In 1970 he was appointed provincial superior of the Vincentian congregation in Portugal and president of the governing council of the Instituto Superior de Teologia de Évora.

==Episcopal ministry==
On 19 February 1972, Pope Paul VI appointed Ferreira da Silva bishop of the Diocese of Tete in Mozambique. He received episcopal consecration on 21 May 1972 from Cardinal António Ribeiro, Patriarch of Lisbon, with Archbishop António de Castro Xavier Monteiro and Archbishop Manuel Maria Ferreira da Silva as co-consecrators.

He served as bishop of Tete during the final years of Portuguese Mozambique and the period of decolonization. In 1976 he resigned from the diocese, believing that the appointment of a Mozambican bishop would better suit the new circumstances following independence.

On 25 September 1978, Pope John Paul I appointed him bishop of the Diocese of Portalegre-Castelo Branco in Portugal. He took possession of the diocese on 26 November 1978.

During his episcopate he promoted pastoral renewal and evangelization throughout the diocese, visiting parishes regularly and encouraging the formation of clergy and lay faithful. He also reorganized the diocesan pastoral structure by establishing several pastoral zones and missionary initiatives.
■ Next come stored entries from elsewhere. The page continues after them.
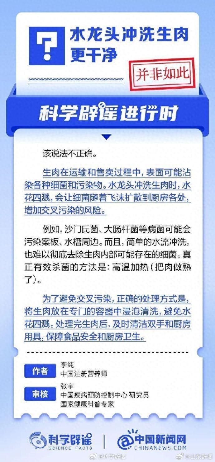 水龍頭沖洗生肉更乾淨?水龍頭沖洗生肉反而容易造成交叉污染。生肉在運輸和售賣過程中,表面可能沾染各種細菌和污染物。水龍頭沖洗生肉時,水花四濺,會讓細菌隨着飛沫擴散到廚房各處,增加交叉污染的風險。正確的處理方式是,將生肉放在專門的容器中浸泡清洗,避免水花四濺。處理完生肉後,及時清潔雙手和廚房用具,保障食品安全和廚房衛生。
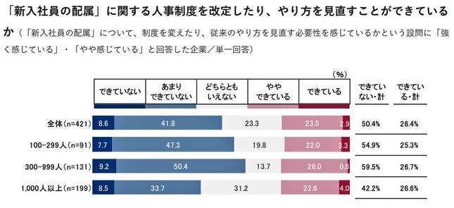 一方、新入社員の配属に関し、従来の人事制度や選考方法を見直す必要性を感じている企業は半数以上(51.8%)いる。【図表2】は、人事担当者に見直し状況を聞いたグラフだが、3割~5割が「見直しができていない」と答えている。
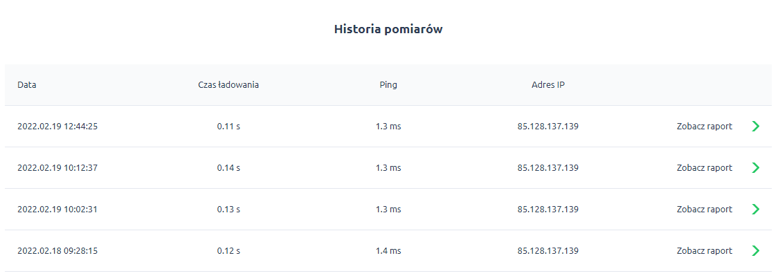 W każdej chwili, bez konieczności przeprowadzania nowego badania, test2speed.com pozwala wyszukać archiwalne raporty dla witryn, które były za jego pomocą testowane. W historii prezentowane jest zawsze ostatnie 30 wyników, ale pojedyncze raporty, do których można skopiować sobie link, są dodatkowo przechowywane w systemie, niezależnie od wyświetlanej tu listy.
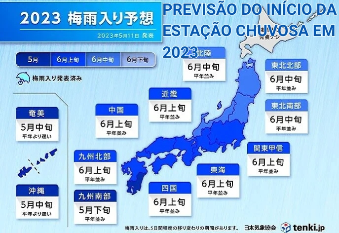 A propósito, os primeiros locais a entrarem na estação chuvosa (tsuyu em japonês) são Amami e Okinawa, possivelmente esta semana; sendo que a previsão para Kinki, Tokai, Hokuriku e Kanto é de meados de junho.

Within the Portuguese Episcopal Conference, Ferreira da Silva served as president of the Episcopal Commission for the Clergy, Seminaries and Vocations and was a member of the permanent council. In 1990 he participated in the Synod of Bishops as a delegate of the Portuguese episcopate.

On 22 April 2004, Pope John Paul II accepted his resignation as bishop of Portalegre–Castelo Branco upon reaching the canonical retirement age.

==Later life==
After retiring, Ferreira da Silva lived in Fátima. He has remained active in pastoral reflection and public commentary, including on social issues and the mission of the Church.